Memory and the heap

The last time I posted, I had written a basic memory allocator. Since then, I've debugged it and integrated it more into the rest of the system. For example, I converted the proc[] array from an array of struct proc to an array of pointers to struct proc, which means 1) process structures are allocated when they are needed, 2) it takes a lot less static memory.

Each proc structure took up 902 bytes—though I'm trying to trim that down—and NPROC was set to 150 (this is the number of proc structures in the system), so the whole proc[] array took up 135,300 bytes of memory. This doesn't seem like a whole lot, but out of only 262,144 bytes of RAM that the TI-92+ has, it's over half of the total system memory! With all the other global variables, there were only about 74 kilobytes of available RAM. By changing it to an array of dynamically-allocated structures, and with NPROC set to 64 (a more realistic value than 150 on this size of machine), the array now takes up a measly 256 bytes.

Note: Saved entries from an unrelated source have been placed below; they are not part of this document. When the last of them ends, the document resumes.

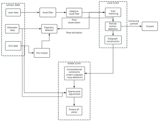 The Cartographer algorithm based on the graph optimization theory proposed by the Google team is adopted as the map construction algorithm in this study [16]. It mainly includes sensor data processing, local mapping, and global optimization [17]. The overall framework flow of the algorithm is shown in Figure 18.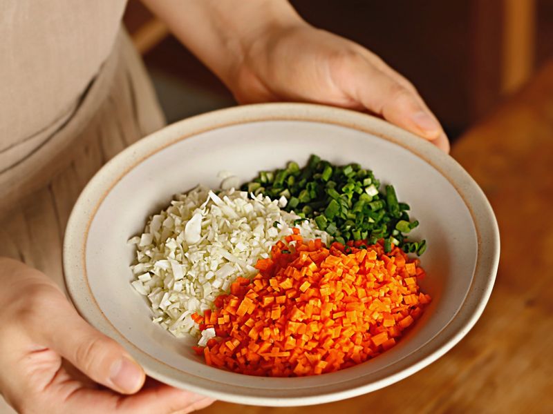 📝TIP 1. 냉장고 속 자리를 차지하고 있던 채소들을 활용해 만들어도 좋아요. 📝TIP 2. 사각 팬을 이용하면 네모 모양 잡기 편해요.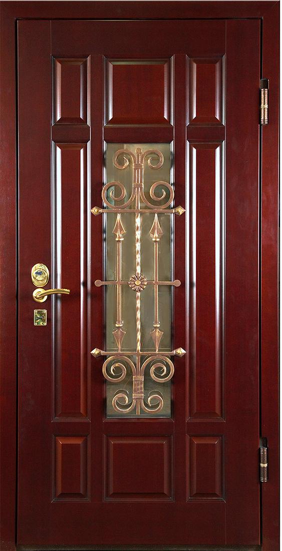 Красивая шпонированная дверь с надежной фурнитурой и ковкой "лоза" №33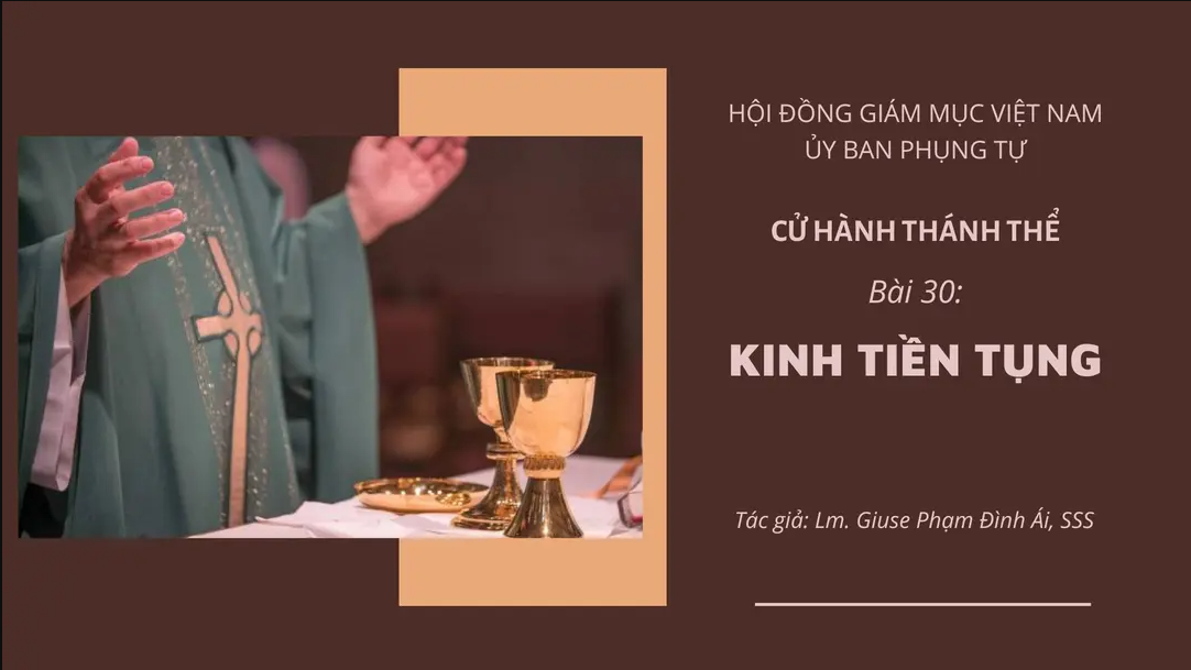 – Ngày 5 tháng 8 năm 2023, Ủy ban Phụng tự Hội đồng Giám mục Việt Nam đã thông báo về chương trình Đào tạo phụng vụ cho Dân Chúa gồm: (1) Thực hành mục vụ và (2) Kiến thức phụng vụ. Để đào sâu hiểu biết về kiến thức phụng vụ, Ủy ban Phụng tự trân trọng giới thiệu loạt bài về cử hành Thánh Thể do linh mục Giuse Phạm Đình Ái, SSS tổng hợp và biên soạn.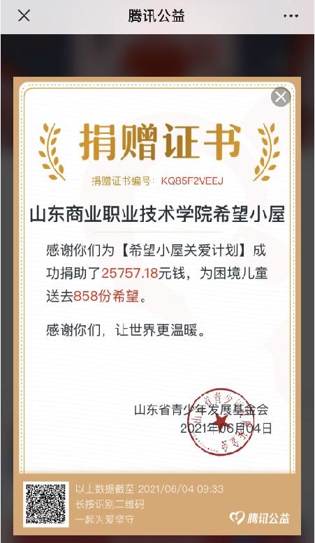 除此之外,山東商院積極響應(yīng)團(tuán)省委號(hào)召,聯(lián)合各二級(jí)學(xué)院開展了騰訊公益線上募捐活動(dòng),活動(dòng)自開展以來得到了全校廣大青年學(xué)生的大力支持,大家紛紛獻(xiàn)出愛心,共籌得善款13592元。截至目前,線上線下共籌得善款25757元,均已捐贈(zèng)給山東省青少年發(fā)展基金會(huì)。

There are other static arrays that are good candidates for also becoming dynamically-allocated like the proc[] array, but they are all less than 10K each, so I'll hold off on changing those for now.

In addition to the memory allocator and the immense space savings, I added some simple diagnostic tests in the heap init routine that sorted and listed the global variables and their relative sizes (as percentages of the total size of all global variables):



As you can see, the inode[], buffers[], file[] arrays are the biggest, and I'll probably change those to dynamically-allocated arrays next. The heaplist[] is used for managing the heap itself, so it cannot be dynamically-allocated like the other arrays (though its size can be reduced as it currently contains 1024 heap entries, which is probably excessive).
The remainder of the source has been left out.